## SUPPLIED RECORDS
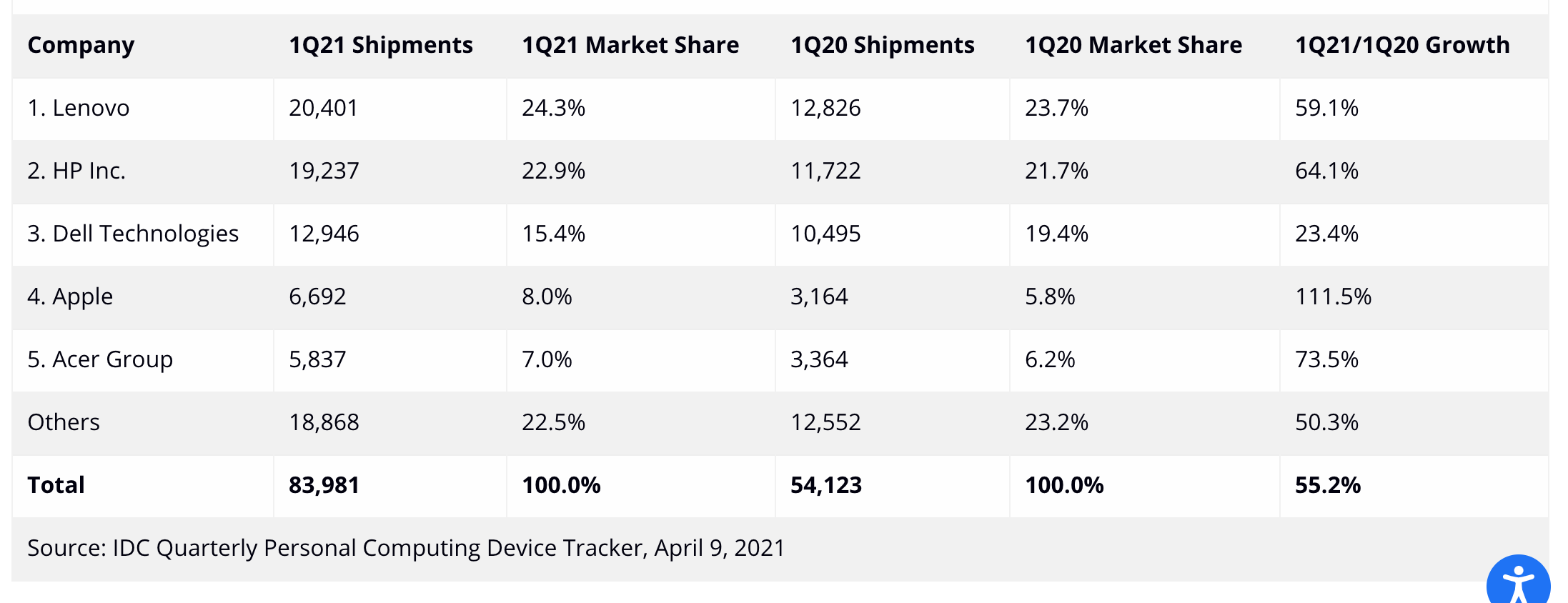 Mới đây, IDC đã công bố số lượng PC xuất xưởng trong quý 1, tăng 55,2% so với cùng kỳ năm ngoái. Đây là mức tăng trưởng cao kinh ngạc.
* * *
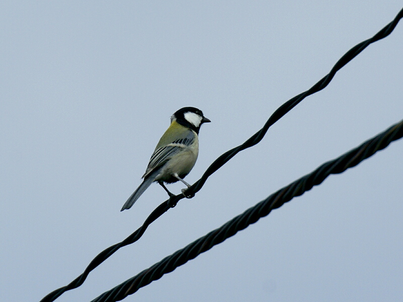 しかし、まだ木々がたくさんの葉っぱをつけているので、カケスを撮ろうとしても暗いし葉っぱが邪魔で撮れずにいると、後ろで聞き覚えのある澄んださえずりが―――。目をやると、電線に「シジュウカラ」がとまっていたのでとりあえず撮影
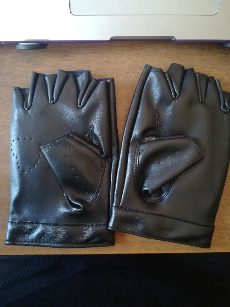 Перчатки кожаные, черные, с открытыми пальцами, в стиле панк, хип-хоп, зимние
--
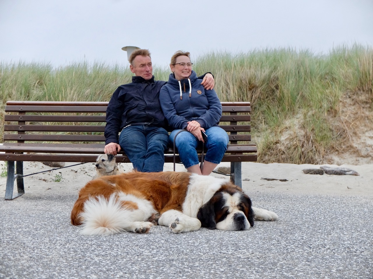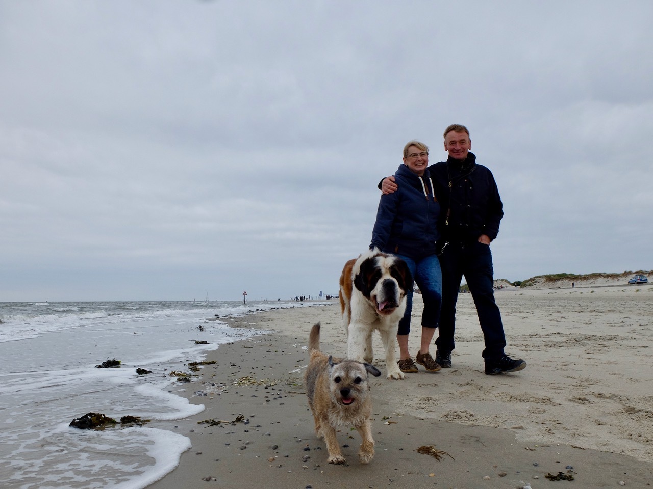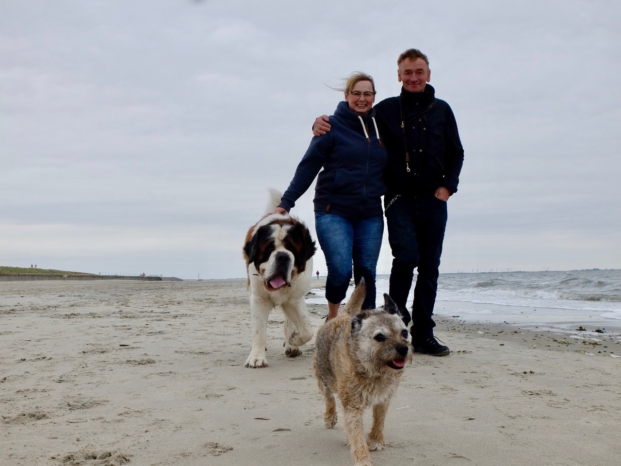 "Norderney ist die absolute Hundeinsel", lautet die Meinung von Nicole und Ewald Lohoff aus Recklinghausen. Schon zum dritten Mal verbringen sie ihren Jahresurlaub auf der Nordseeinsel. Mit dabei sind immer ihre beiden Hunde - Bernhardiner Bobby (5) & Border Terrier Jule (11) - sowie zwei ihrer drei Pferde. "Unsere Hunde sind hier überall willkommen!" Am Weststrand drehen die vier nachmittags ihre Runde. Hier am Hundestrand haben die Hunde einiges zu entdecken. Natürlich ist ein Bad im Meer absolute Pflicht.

## ASSIGNMENT
What to print is the stretch of entries from the line with "しかし、まだ木々がたくさんの" up to and including the line with "Перчатки кожаные, черные, с". Please print it exactly and leave out the pictures.

## WORKED SOLUTION
 しかし、まだ木々がたくさんの葉っぱをつけているので、カケスを撮ろうとしても暗いし葉っぱが邪魔で撮れずにいると、後ろで聞き覚えのある澄んださえずりが―――。目をやると、電線に「シジュウカラ」がとまっていたのでとりあえず撮影
 Перчатки кожаные, черные, с открытыми пальцами, в стиле панк, хип-хоп, зимние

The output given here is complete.